[HN Gopher] Git archive checksums may change
___________________________________________________________________
Git archive checksums may change
Author : mcovalt
Score : 77 points
Date : 2023-01-30 21:48 UTC (1 hours ago)
(HTM) web link (github.blog)
(TXT) w3m dump (github.blog)
| wildfire wrote:
| See https://github.com/orgs/community/discussions/45830 for the
| fallout.
| doubleunplussed wrote:
| Ah, this will presumably break some Arch Linux AUR packages.
| Preparing for bug reports.
| elesiuta wrote:
| I always anticipated something like this could happen and it
| bothered me enough to create my own workflow [1] to archive,
| hash, and attach it to each release automatically for my AUR
| package
|
| [1]
| https://github.com/elesiuta/picosnitch/blob/master/.github/w...
| jiripospisil wrote:
| Yep, it has already broken labwc for me. ==>
| Validating source files with b2sums...
| labwc-0.6.1.tar.gz ... FAILED ==> ERROR: One or more
| files did not pass the validity check!
| jiripospisil wrote:
| GitHub will need to revert this change. They've just crippled
| pretty much every "from source" package manager out there.
| nick__m wrote:
| I prefer that tool be adapted to be more resilient and not
| depend on github particular implementation.
| swarfield wrote:
| Using SHA hashes when building guarantees that the code that
| you are building is what you think it is. How else would you
| verify dependencies like this, GPG signatures would have the
| same issue if you change the underlying bits.
| ErikCorry wrote:
| This seems like a weak argument.
|
| Firstly SHA is not a secure hash.
|
| Secondly if your build step involves uploading data to a
| third party then allowing them to transform it as they see
| fit and then checksumming the result then it's not really a
| reproducible build. For all you know, Github inserts a
| virus during the compression of the archive.
|
| What am I missing?
| IanCal wrote:
| I think the reproducible build part is about projects
| that depend on these outputs.
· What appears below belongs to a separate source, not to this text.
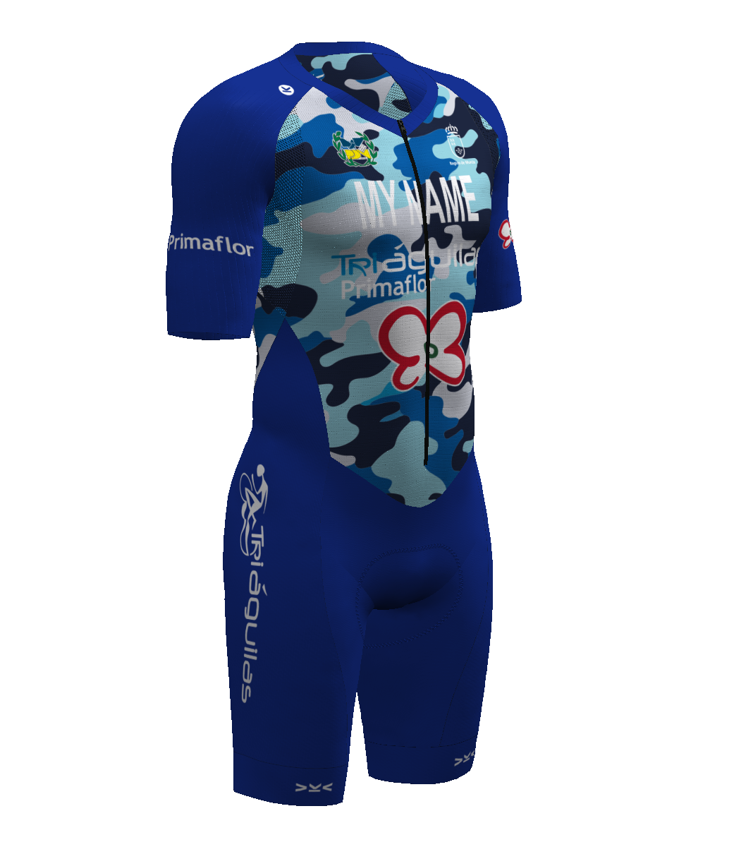 - Patronaje adaptado a los movimientos del pedaleo y carrera a pie gracias a una acentuada precurva en la zona de unión entre pierna y glúteo.

The goal is ensuring you
| and I have both pulled exactly the same dependencies.
| blueflow wrote:
| 1) SHA-256 is reasonably secure
|
| 2) The checksum assures you that the file you have is the
| same your upstream looked at
| ArchOversight wrote:
| a git checkout of the code at that particular tag hasn't
| changed. Just the tarball that git archive generates has.
| vlovich123 wrote:
| The two main problems are:
|
| A) How do you catch tarballs that have extra files
| injected that aren't part of your manifest
|
| B) What does the performance of this look like? Certainly
| for traditional HDDs this is going to kill performance,
| but even for SSDs I think verifying a bunch of small
| files is going to be less efficient than verifying the
| tarball.
| ArchOversight wrote:
| A wouldn't be an issue since you are checking out a git
| tag.
|
| B would just be a normal git checkout, which already
| validates that all the objects are reachable and git tags
| (and commits for that matter) can be signed, and since
| the sha1 hash is signed as well it validates that the
| entire tree of commits has not been tampered with. So as
| long you trust git to not lie about what it is writing to
| disk, you have a valid checkout of that tag.
|
| And if you do expect it to lie, why do you expect tar to
| not lie about what it is unpacking?
| duped wrote:
| Ok, now guarantee that.
| metrognome wrote:
| Per the post, this was a change to git itself:
| https://github.com/git/git/commit/4f4be00d302bc52d0d9d5a3d47...
| forgotpwd16 wrote:
| What was the thought behind this change?
| fweimer wrote:
| They could just produce tar output and compress that using
| system gzip. The "git archive" tool supports many output
| formats.
| acdha wrote:
| If those tools incorrectly assume an API contract which doesn't
| exist, isn't the right answer to fix those tools?
| kentonv wrote:
| In theory, sure, that's what we'd do in an ideal world.
|
| In the real world it will take millions of dollars of eng
| labor just to update the hashes to fix everything that's
| currently broken and millions more to actually implement
| something better and move everyone over to it.
|
| This isn't worth it, GitHub needs to just revert the change
| and then engineer a way to keep hashes stable going forward.
| groestl wrote:
| See also: https://daniel.haxx.se/blog/2013/03/23/why-no-
| curl-8/
|
| "The amount of work done "out there" on hundreds or
| thousands of applications for a single little libcurl tweak
| can be enormous. The last time we bumped the ABI, we got a
| serious amount of harsh words and critical feedback and
| since then we've gotten many more users!"
| swarfield wrote:
| https://github.com/bazel-contrib/SIG-rules-authors/issues/11...
| forgotpwd16 wrote:
| Can anyone explain what happened? Thing changed, things broke,
| and things changed back in less than an hour.
| swarfield wrote:
| They have broken almost every open source project that builds
| external deps. Also broke homebrew apparently.
| gray_-_wolf wrote:
| Did people not know this? Honest question. I did run into this
| few times already before this change, so I assumed this would be
| wide-spread knowledge and mirrored everything.
| skobovm wrote:
| How would anyone (outside of GH) have known this? The checksums
| have been stable for years, and this issue resulted from an
| internal update to the version of Git being used. It also was
| not publicized, until this ex post facto blog post
| blueflow wrote:
| I remember contributing to package recipes where linking to
| Github was explicitly forbidden due to checksum instability.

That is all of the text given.